Write out, word for word and with no pictures, each line below from the one containing "바지락 국물로 맛이 깔끔합니다." through the one containing "先附上菜單連結 : 菜單點我。內用低消150,飲料的部分提供免費更換燕麥奶,讓不能喝牛奶的朋友多了一項選擇。", both included, and no other line.

MATERIAL FOR THE TASK:
BEGIN

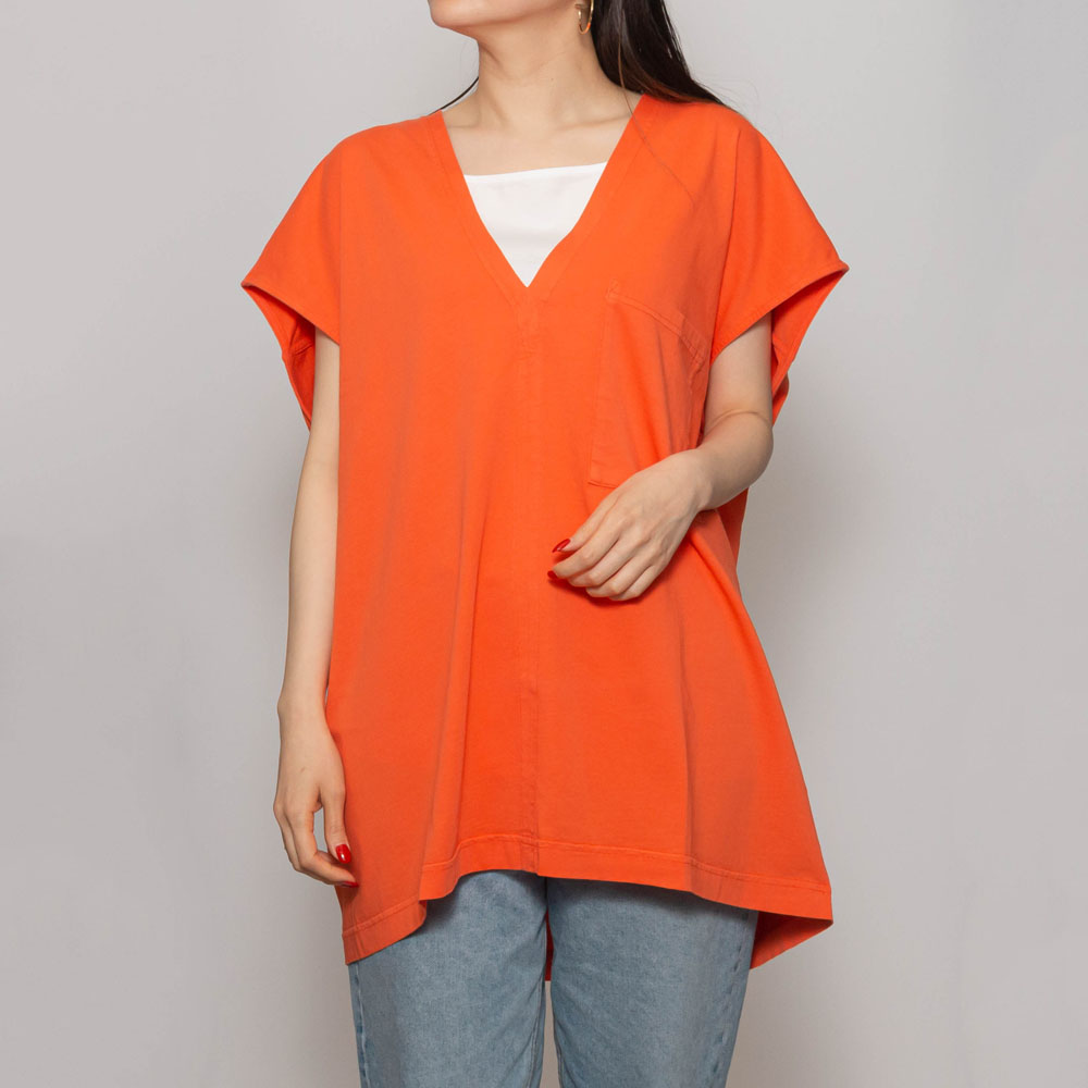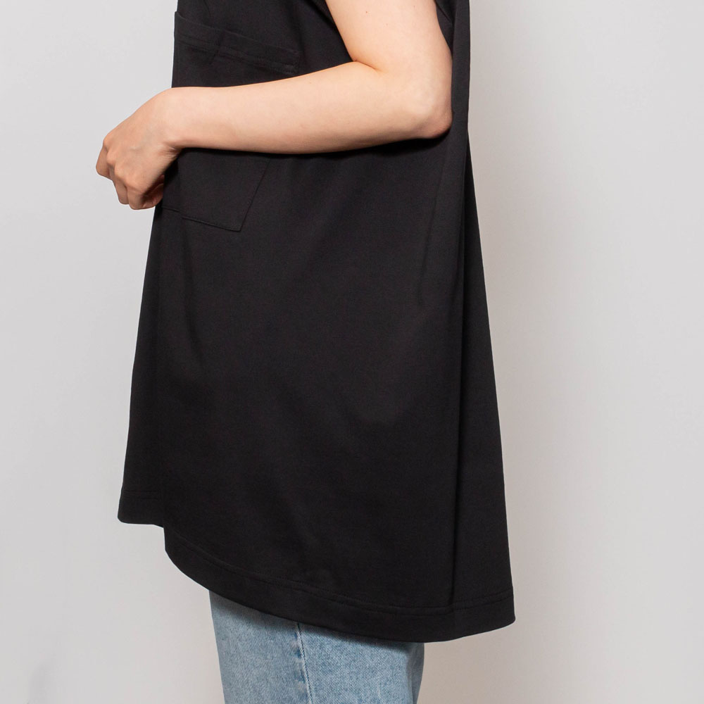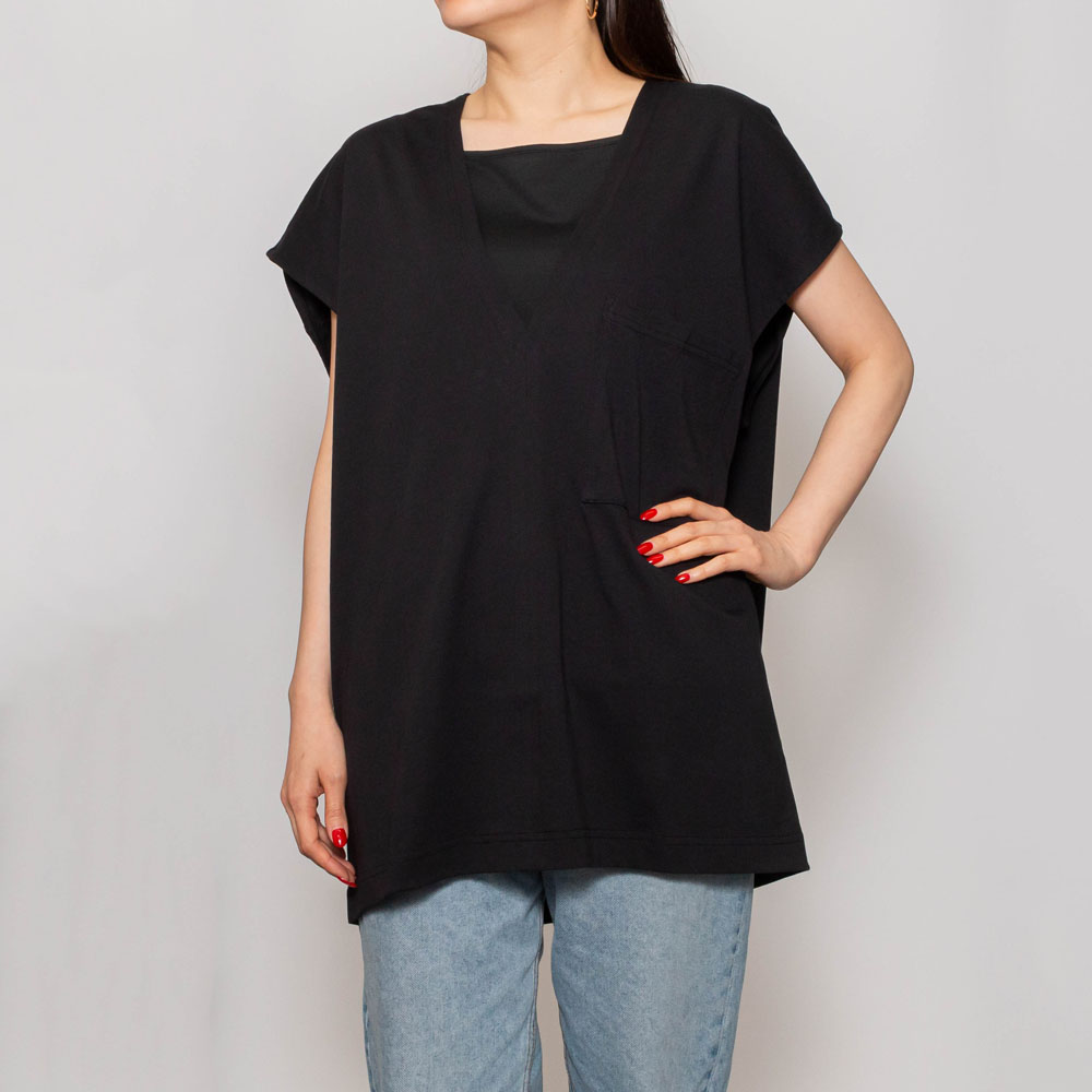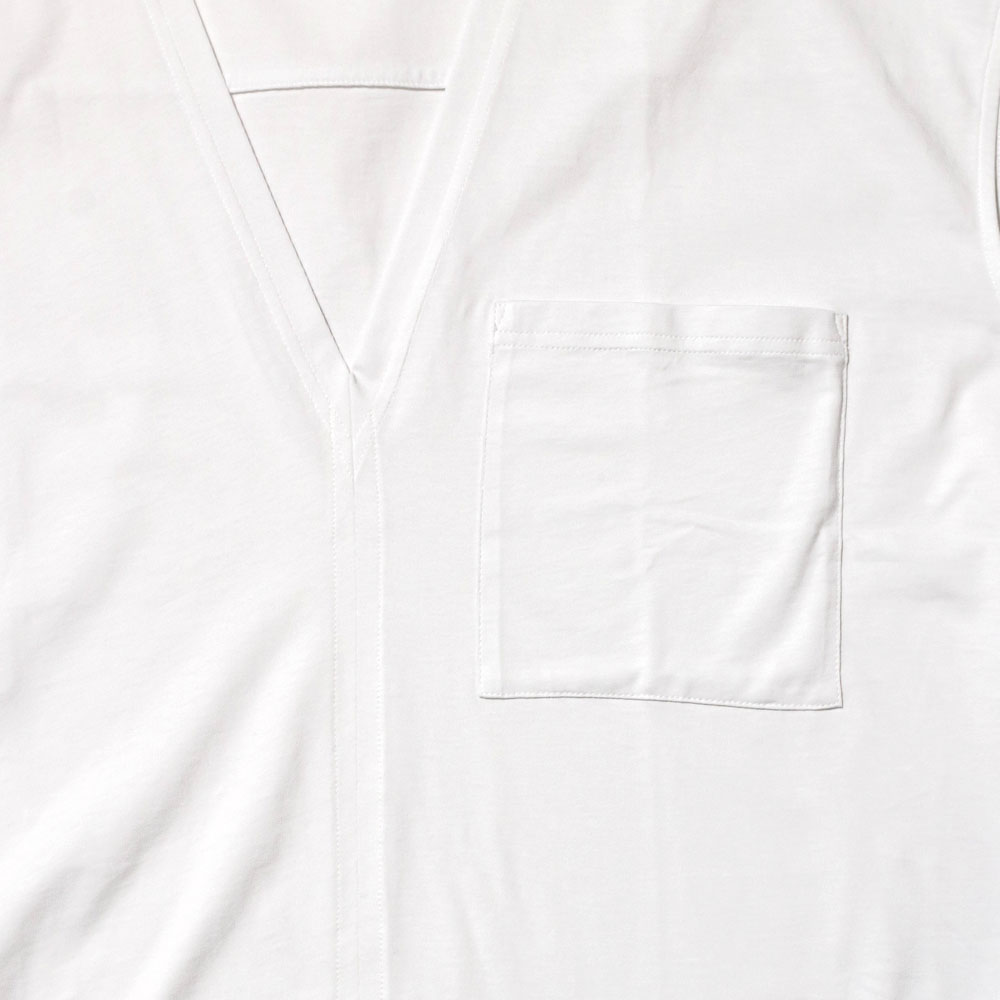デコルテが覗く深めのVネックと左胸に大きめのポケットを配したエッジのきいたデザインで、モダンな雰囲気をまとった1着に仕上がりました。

END
BEGIN

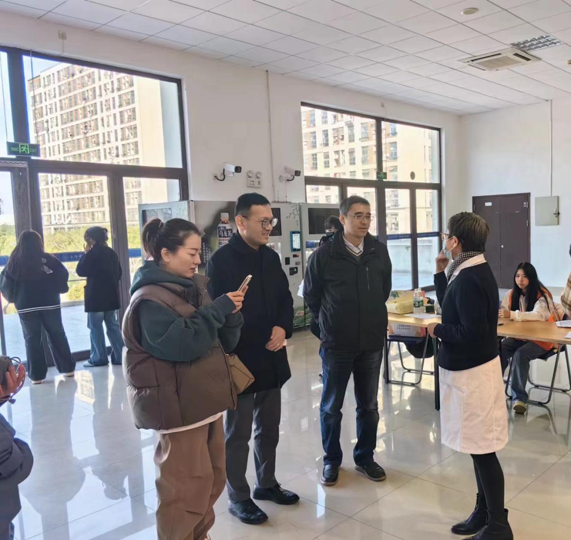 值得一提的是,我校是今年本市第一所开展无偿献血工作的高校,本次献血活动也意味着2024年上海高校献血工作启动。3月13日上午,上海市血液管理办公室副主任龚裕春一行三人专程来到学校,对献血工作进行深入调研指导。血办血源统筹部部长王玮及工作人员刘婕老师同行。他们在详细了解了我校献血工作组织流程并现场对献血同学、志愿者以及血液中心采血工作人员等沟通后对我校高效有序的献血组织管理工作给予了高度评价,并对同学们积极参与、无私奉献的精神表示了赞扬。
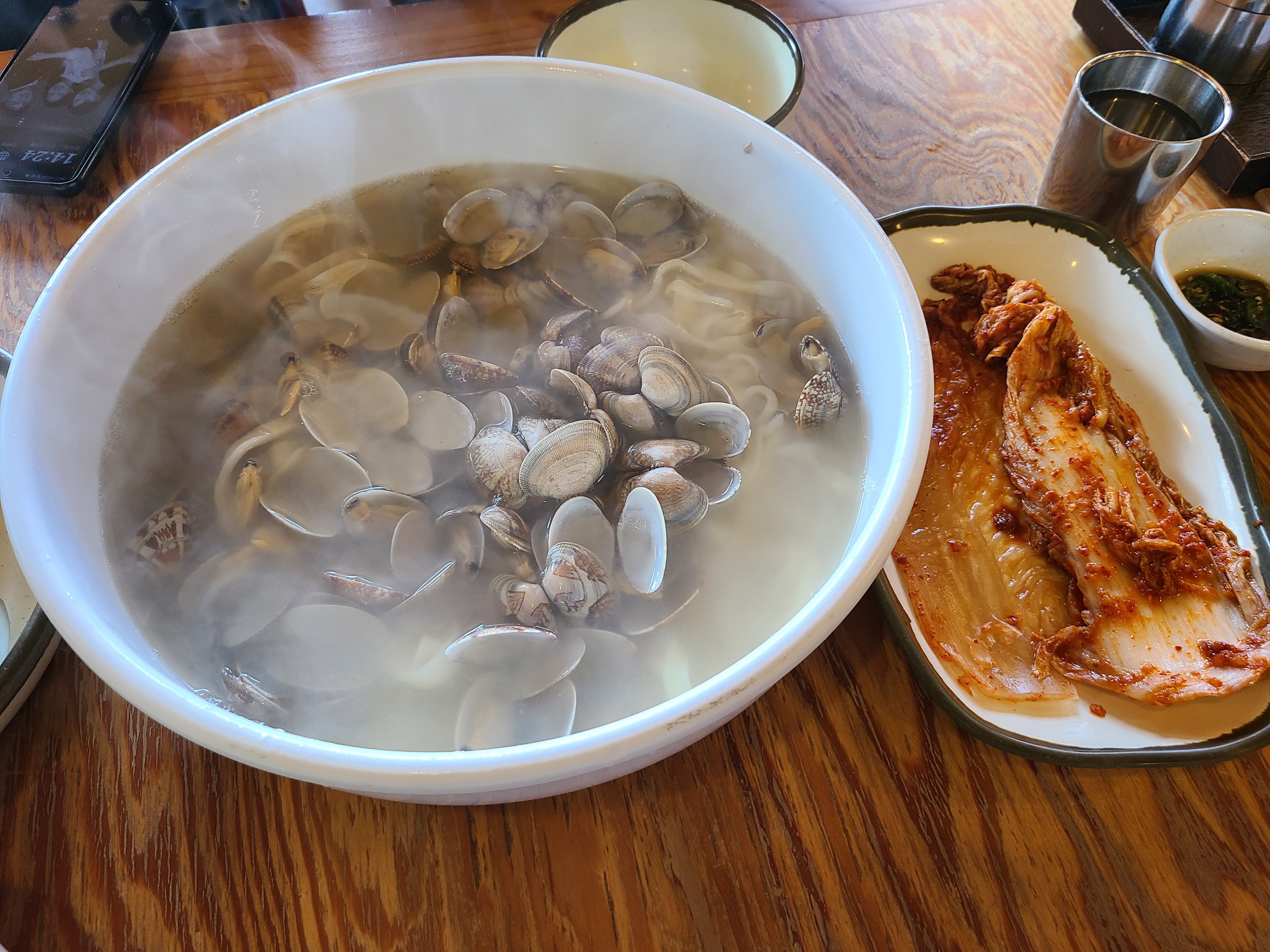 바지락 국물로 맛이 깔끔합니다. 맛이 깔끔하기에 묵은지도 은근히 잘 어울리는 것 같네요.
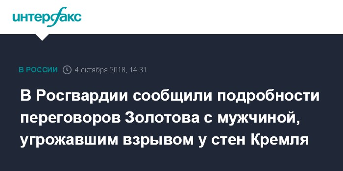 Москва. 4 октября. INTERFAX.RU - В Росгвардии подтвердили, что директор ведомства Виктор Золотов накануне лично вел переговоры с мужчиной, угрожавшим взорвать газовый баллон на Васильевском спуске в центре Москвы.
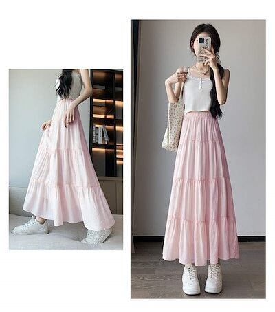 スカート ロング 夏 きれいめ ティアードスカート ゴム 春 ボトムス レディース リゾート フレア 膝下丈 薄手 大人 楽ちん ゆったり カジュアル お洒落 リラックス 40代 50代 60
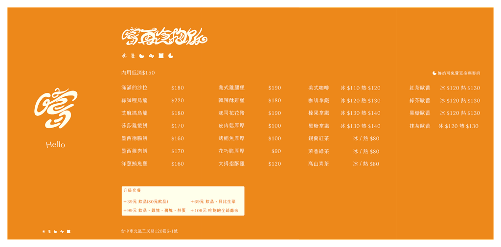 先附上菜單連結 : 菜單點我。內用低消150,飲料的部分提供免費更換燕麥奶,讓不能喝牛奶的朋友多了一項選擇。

END
BEGIN

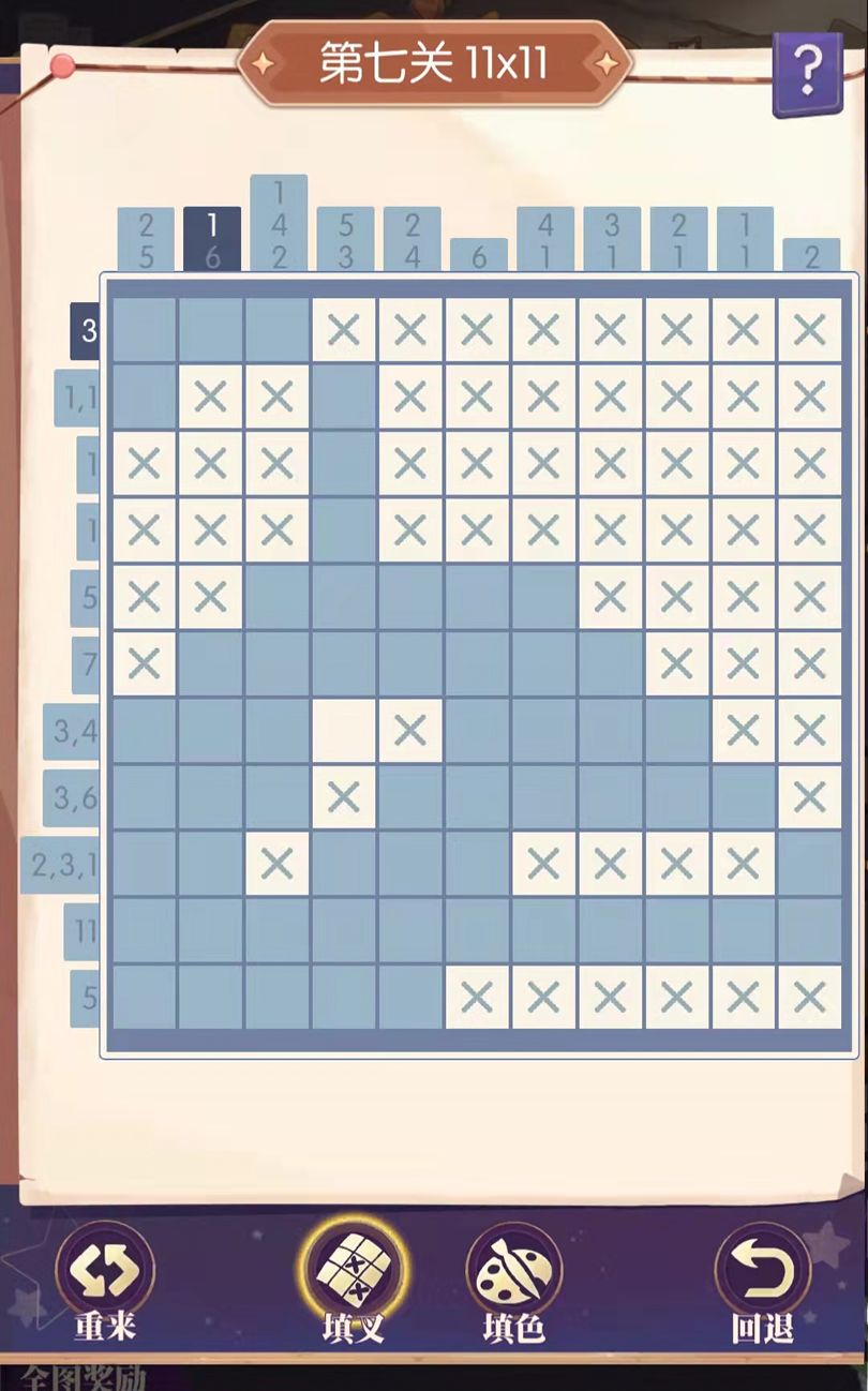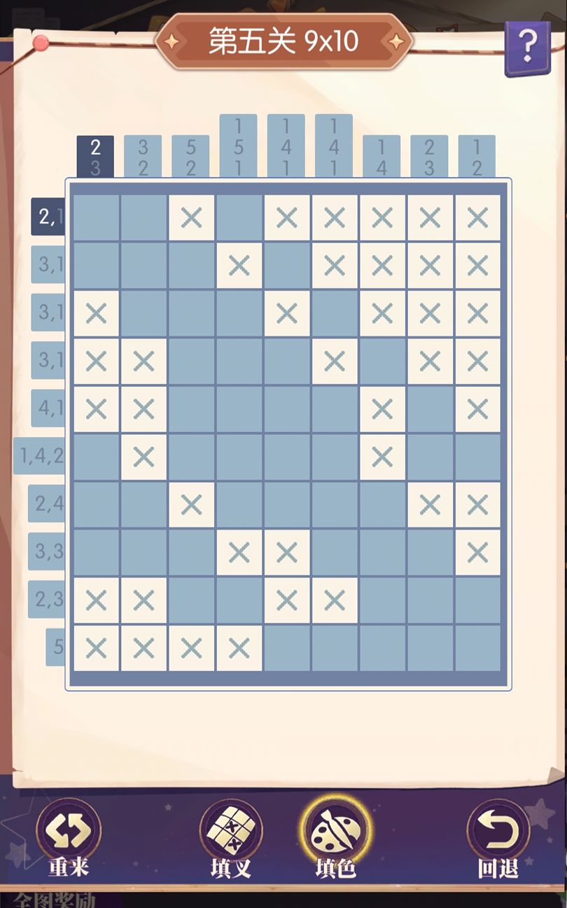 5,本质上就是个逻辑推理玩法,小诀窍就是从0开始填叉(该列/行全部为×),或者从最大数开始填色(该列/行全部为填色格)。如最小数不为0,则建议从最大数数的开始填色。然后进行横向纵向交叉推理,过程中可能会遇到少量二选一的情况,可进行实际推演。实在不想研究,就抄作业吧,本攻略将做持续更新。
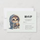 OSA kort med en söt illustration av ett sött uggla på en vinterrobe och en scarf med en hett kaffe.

END

ANSWER FOR THE TASK:
 바지락 국물로 맛이 깔끔합니다. 맛이 깔끔하기에 묵은지도 은근히 잘 어울리는 것 같네요.
 Москва. 4 октября. INTERFAX.RU - В Росгвардии подтвердили, что директор ведомства Виктор Золотов накануне лично вел переговоры с мужчиной, угрожавшим взорвать газовый баллон на Васильевском спуске в центре Москвы.
 スカート ロング 夏 きれいめ ティアードスカート ゴム 春 ボトムス レディース リゾート フレア 膝下丈 薄手 大人 楽ちん ゆったり カジュアル お洒落 リラックス 40代 50代 60
 先附上菜單連結 : 菜單點我。內用低消150,飲料的部分提供免費更換燕麥奶,讓不能喝牛奶的朋友多了一項選擇。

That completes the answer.